In contrast to most enveloped viruses, poxviruses produce infectious particles that do not acquire their internal lipid membrane by budding through cellular compartments. Instead, poxvirus immature particles are generated from atypical crescent-shaped precursors derived from host membranes. Two key viral proteins participate to this process. A17 inserts in the membrane and is proposed to induce curvature. D13 forms a scaffold remodelling membranes into a closed, spherical particle. Rifampicin reversibly inhibits the formation of viral crescents in a process unrelated to its antibiotic effect.
We have determined the crystal structure of vaccinia virus D13 in complex with rifampicin at a resolution of 2.7Å. This structure identifies the central channel of the D13 trimer as the rifampicin binding site. The antibiotic contacts three conserved phenylalanine residues (F168, F486 and F487) that form a hydrophobic belt delineating the binding site.
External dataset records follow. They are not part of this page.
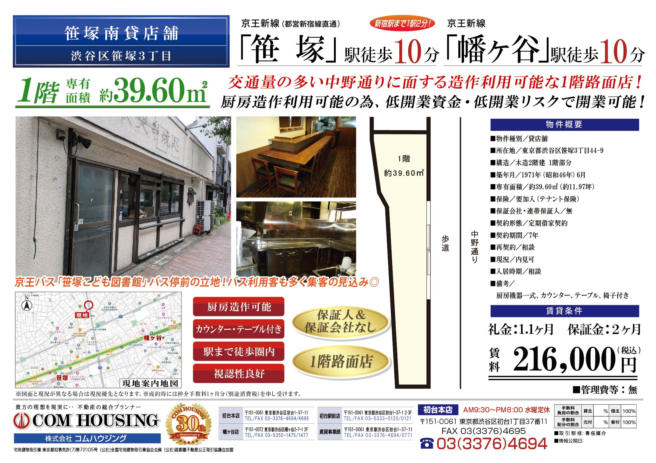 コムハウジング(賃貸) > 株式会社コムハウジングのスタッフブログ記事一覧 > [新着物件]渋谷区笹塚3丁目路面店舗(中野通り沿い)
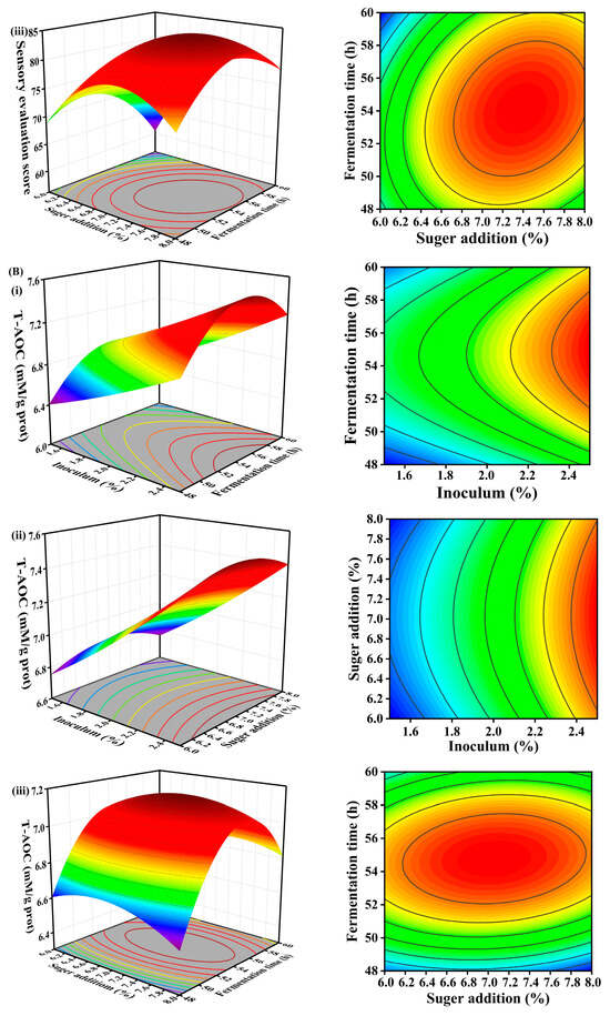Building upon the results of previous single-factor experiments, in conjunction with the response surface design scheme and the comprehensive fuzzy mathematical model, inoculum, fermentation time, and sugar addition were identified as the three critical factors. Sensory evaluation and total antioxidant capacity (T-AOC) were utilized as response variables. The refined NJAU-01 lactic acid beverage will be utilized for subsequent experimental assessments.
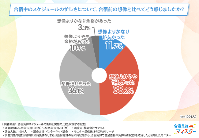 今回の調査で、合宿免許期間中のスケジュールについて、参加者の実感が明らかになりました。
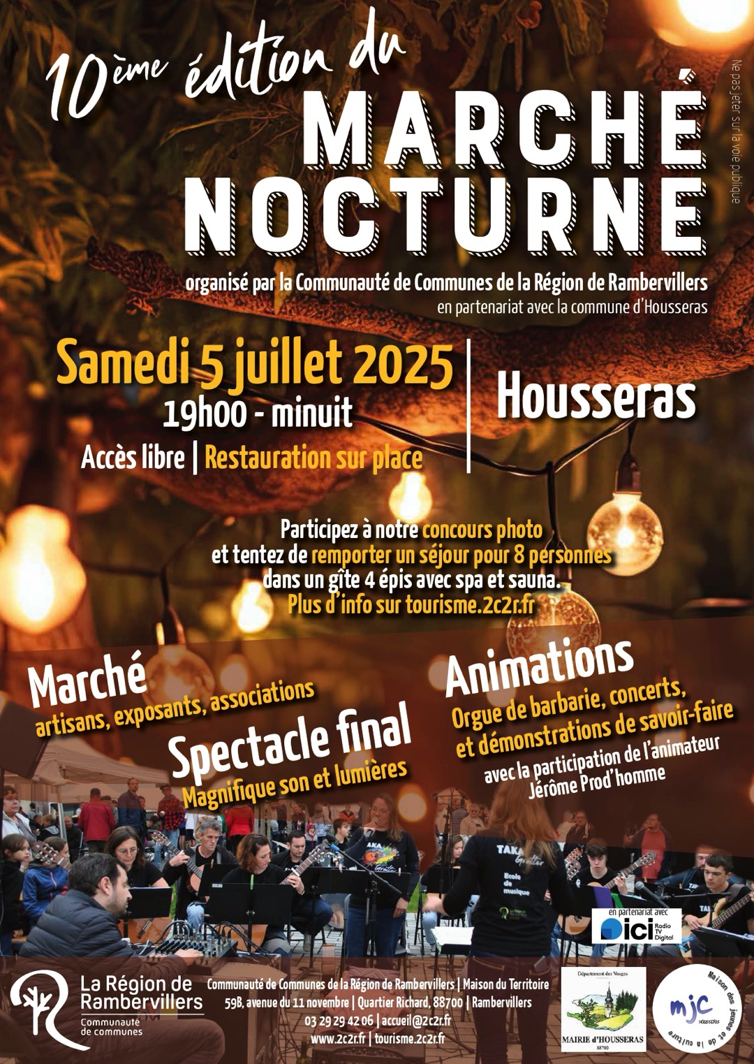 La Région de Rambervillers organise ce samedi à Housseras la 10? édition de son Marché Nocturne. Un événement festif alliant artisanat, musique et patrimoine local.

Using CPMG, a ligand-detected NMR technique, we showed that rifampicin directly binds D13 and competes with A17. Consistently, SPR and NMR analysis show that mutations within the phenylalanine belt of the rifampicin-binding site severely reduce A17 binding, evidencing an overlap of binding sites. On the other hand, to map the D13 binding site in A17, a set of A17-derived peptides were assessed for binding to D13 by CPMG. Residues Tyr6 and Tyr7 were identified as the binding determinants for A17 interaction with D13.
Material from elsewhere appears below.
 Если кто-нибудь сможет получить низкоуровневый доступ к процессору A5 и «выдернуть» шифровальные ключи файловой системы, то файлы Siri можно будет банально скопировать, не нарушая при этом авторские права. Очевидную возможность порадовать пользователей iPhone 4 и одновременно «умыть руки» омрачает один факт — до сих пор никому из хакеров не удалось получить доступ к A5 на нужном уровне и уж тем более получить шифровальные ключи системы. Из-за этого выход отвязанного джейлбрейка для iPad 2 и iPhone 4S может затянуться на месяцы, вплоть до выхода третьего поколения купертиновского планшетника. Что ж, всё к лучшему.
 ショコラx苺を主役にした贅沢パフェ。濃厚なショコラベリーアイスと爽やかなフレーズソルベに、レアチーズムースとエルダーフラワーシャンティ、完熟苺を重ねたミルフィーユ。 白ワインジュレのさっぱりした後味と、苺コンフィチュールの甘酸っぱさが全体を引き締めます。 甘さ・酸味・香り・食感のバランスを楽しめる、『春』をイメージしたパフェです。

We then used a classical fragment-based drug design approach to target the A17/rifampicin binding site in D13, screening a library of 1137 compounds by STD and CPMG NMR. This allowed to identify 25 fragments that bind D13 (representing a 2.2% hit rate). Out of these, 2 molecules with unrelated structures were found to compete with both rifampicin and A17. These two molecules represent lead compounds suitable for optimisation towards the design of assembly inhibitors against poxviruses.